## Prompt
Without any pictures, print exactly the lines that run from the start of the data through the line containing "16时许,比赛正式开始。虽然".

Saved data entries:
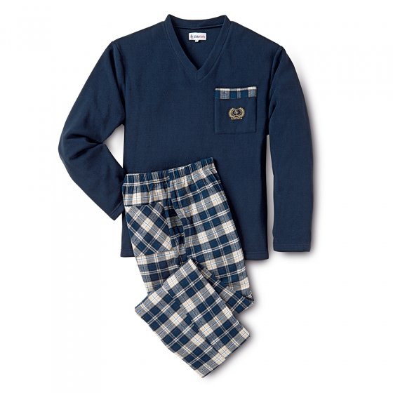 De winternachten zijn vaak zo koud dat zelfs een dik dekbed niet voldoende is. Daarom is er de THERMOPYJAMA, die onmiddellijk voor comfort zorgt dankzij fleece en flanel! Het shirt met V-hals van zachte fleece (100% polyester) houdt u warm en omarmt uw lichaam. Het heeft een geborduurde borstzak met contrasterende bies en zijsplitten. De perfecte aanvulling is de flanellen broek van 100% katoen. Deze heeft een elastische tailleband met verstelband, steekzakken en achterzak. Rick Armand-pyjama's zijn volledig wasbaar en zijn ook geweldig als huispakken!
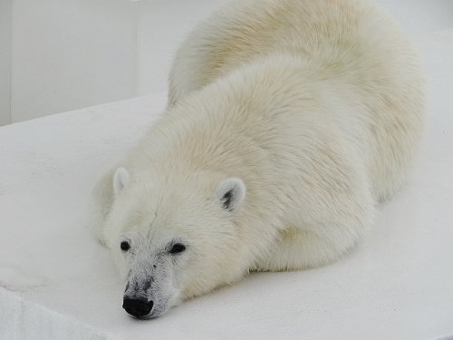 暑いせいか最近は室内で休んでいることが多いホッキョクグマたち。ラ...
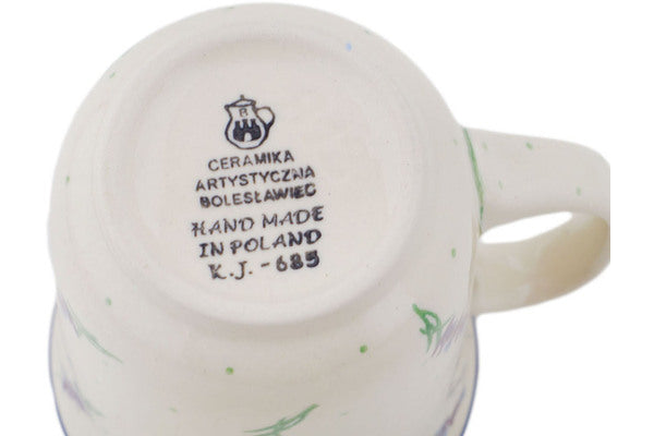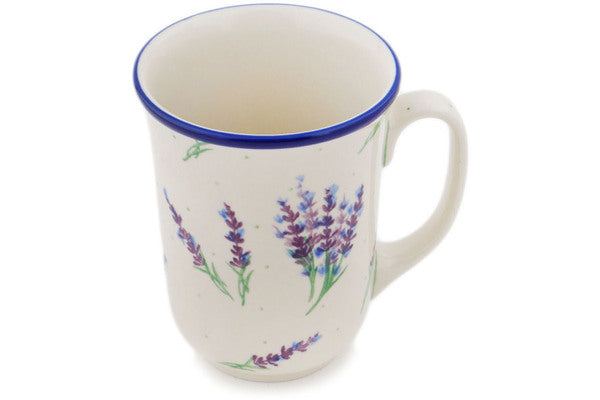 This Polish pottery Mug is made by Ceramika Artystyczna workshop in Boleslawiec, Poland. Manufacturer item number H4345Q. It is 5" high and measures 5" by 4". The capacity of this Mug is 17.4 oz when filled to rim and it weighs 1.1 lbs. It is part of the Lavish Lavender Collection.
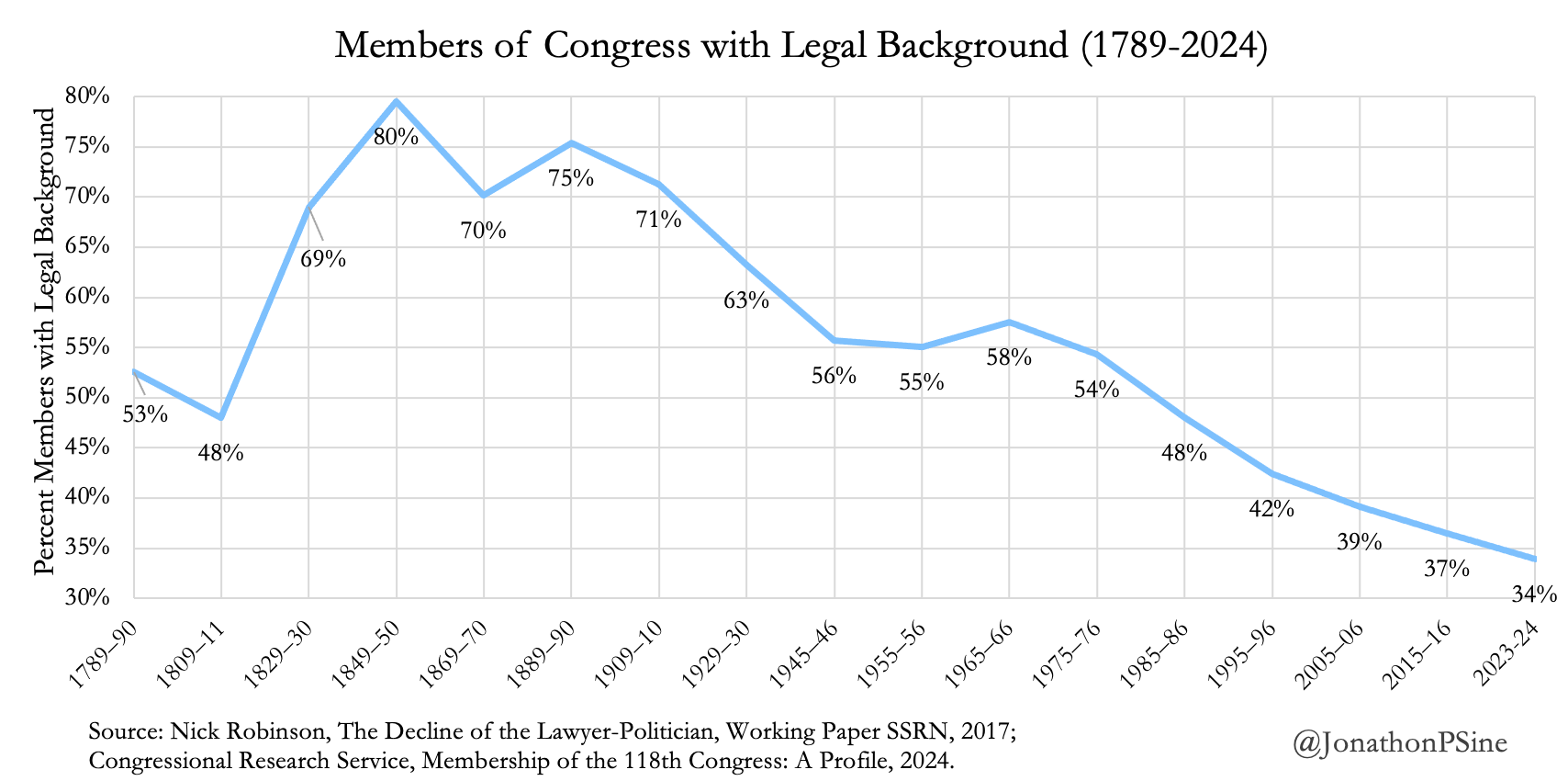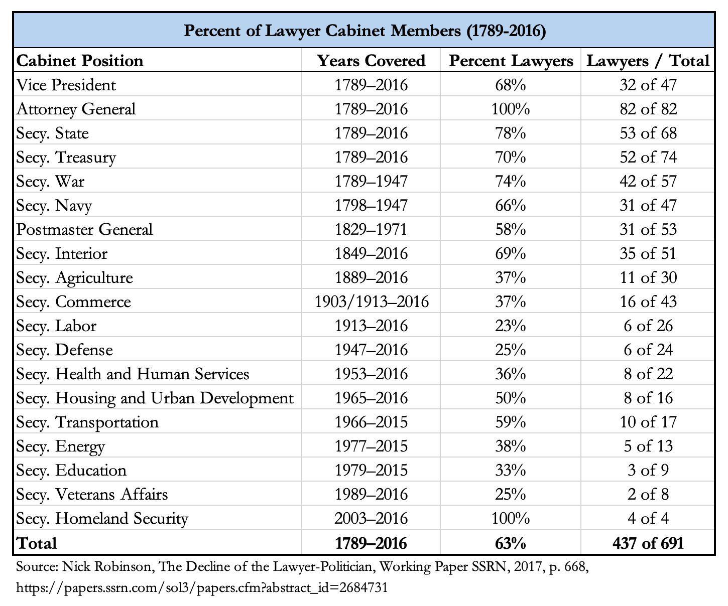 From the signing of the Constitution in 1789 to 2016, 63% of all Cabinet members have been lawyers. While I don’t have time series data, the disproportionate share likely still holds. And, as Wang points out in the book, "from 1984 to 2020, every single Democratic presidential and vice-presidential nominee went to law school” (p. 4). Only two Presidents, Jimmy Carter and Herbert Hoover (who lived in China for a time), ever worked as engineers. The United States, Wang writes, “has a government of the lawyers, by the lawyers, and for the lawyers.”
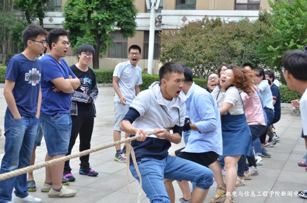 16时许,比赛正式开始。虽然当天阴雨绵绵,运动员和观众们的心情丝毫没有受到天气影响,都积极投入到比赛当中。本次比赛以班级为单位,来自15级和16级共13支代表队参加了比赛。此次拔河比赛夺得冠军的是电气15-2班,亚军是信工15班,季军是电气15-3班。
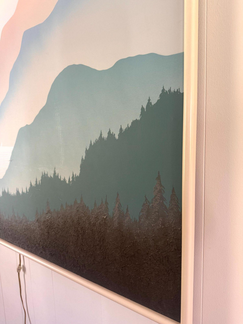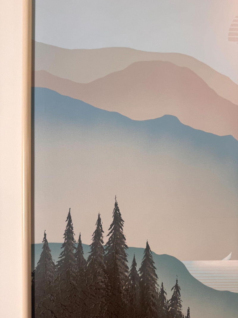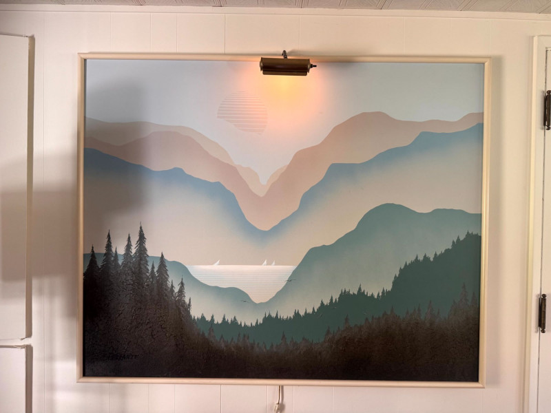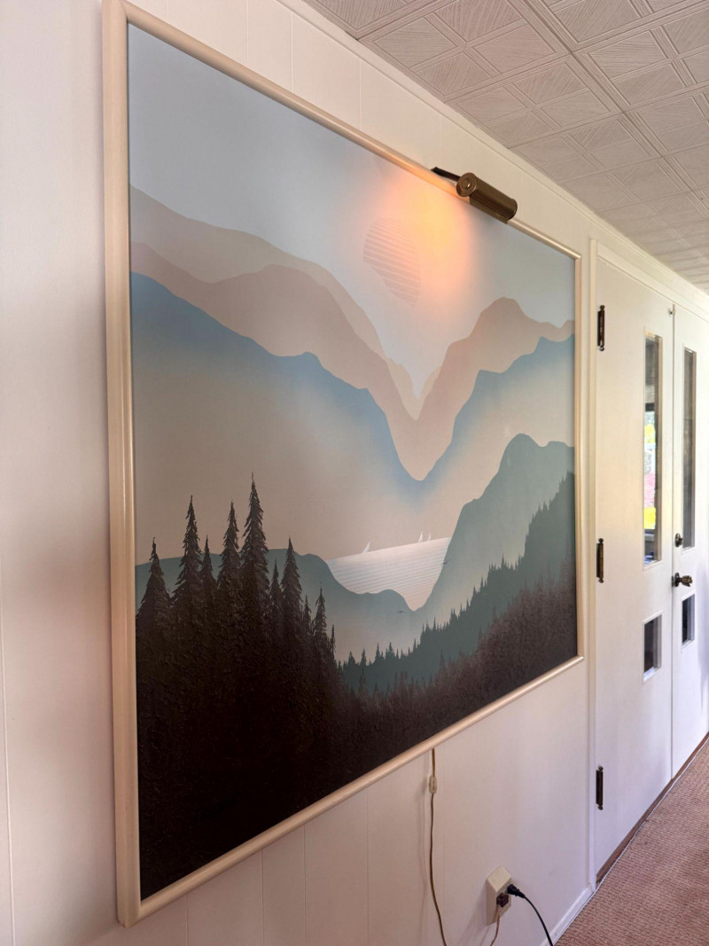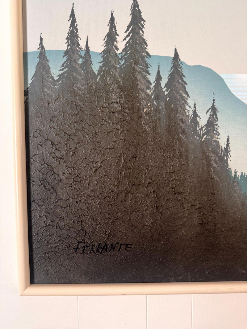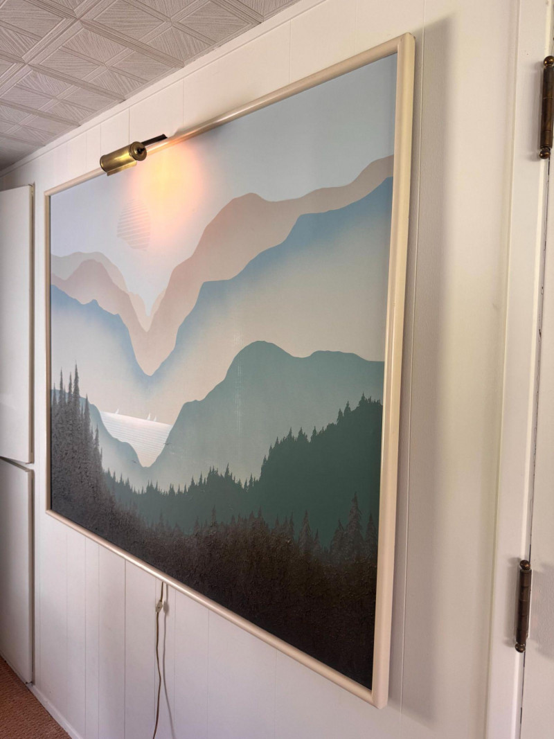 Lot # 50 - Mario De Ferrante Large Alpine Landscape Painting w/ Overhead Light
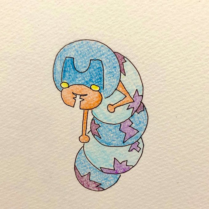 パンチ君です。 将来は華麗で強い蝶に成れると思っているが、本当はムキムキハガネカナブンになる事を彼は知らない いつ襲われてもいいようにボクシングをやっているが、さすがに2m近い芋虫は誰も襲わない。 #イラスト好きさんと繋がりたい #絵描きさんと繫がりたい #オリキャラ #芋虫 #カナブン
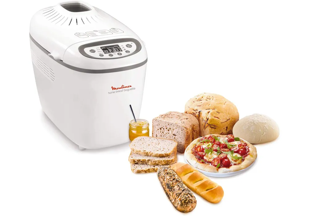 Faites plaisir à toute votre famille avec du pain frais et de délicieuses baguettes avec la machine à Pain Moulinex Home Bread Baguette. Ses 16 programmes comprennent baguette, baguette sucrée, pain de base, pain français, pain complet, pain sucré, pain rapide, pain sans gluten, pain sans sel, pain oméga 3, cuisson du pain, de la pâte, des gâteaux, de la confiture, des pâtes.

## Worked solution
 De winternachten zijn vaak zo koud dat zelfs een dik dekbed niet voldoende is. Daarom is er de THERMOPYJAMA, die onmiddellijk voor comfort zorgt dankzij fleece en flanel! Het shirt met V-hals van zachte fleece (100% polyester) houdt u warm en omarmt uw lichaam. Het heeft een geborduurde borstzak met contrasterende bies en zijsplitten. De perfecte aanvulling is de flanellen broek van 100% katoen. Deze heeft een elastische tailleband met verstelband, steekzakken en achterzak. Rick Armand-pyjama's zijn volledig wasbaar en zijn ook geweldig als huispakken!
 暑いせいか最近は室内で休んでいることが多いホッキョクグマたち。ラ...
 This Polish pottery Mug is made by Ceramika Artystyczna workshop in Boleslawiec, Poland. Manufacturer item number H4345Q. It is 5" high and measures 5" by 4". The capacity of this Mug is 17.4 oz when filled to rim and it weighs 1.1 lbs. It is part of the Lavish Lavender Collection.
 From the signing of the Constitution in 1789 to 2016, 63% of all Cabinet members have been lawyers. While I don’t have time series data, the disproportionate share likely still holds. And, as Wang points out in the book, "from 1984 to 2020, every single Democratic presidential and vice-presidential nominee went to law school” (p. 4). Only two Presidents, Jimmy Carter and Herbert Hoover (who lived in China for a time), ever worked as engineers. The United States, Wang writes, “has a government of the lawyers, by the lawyers, and for the lawyers.”
 16时许,比赛正式开始。虽然当天阴雨绵绵,运动员和观众们的心情丝毫没有受到天气影响,都积极投入到比赛当中。本次比赛以班级为单位,来自15级和16级共13支代表队参加了比赛。此次拔河比赛夺得冠军的是电气15-2班,亚军是信工15班,季军是电气15-3班。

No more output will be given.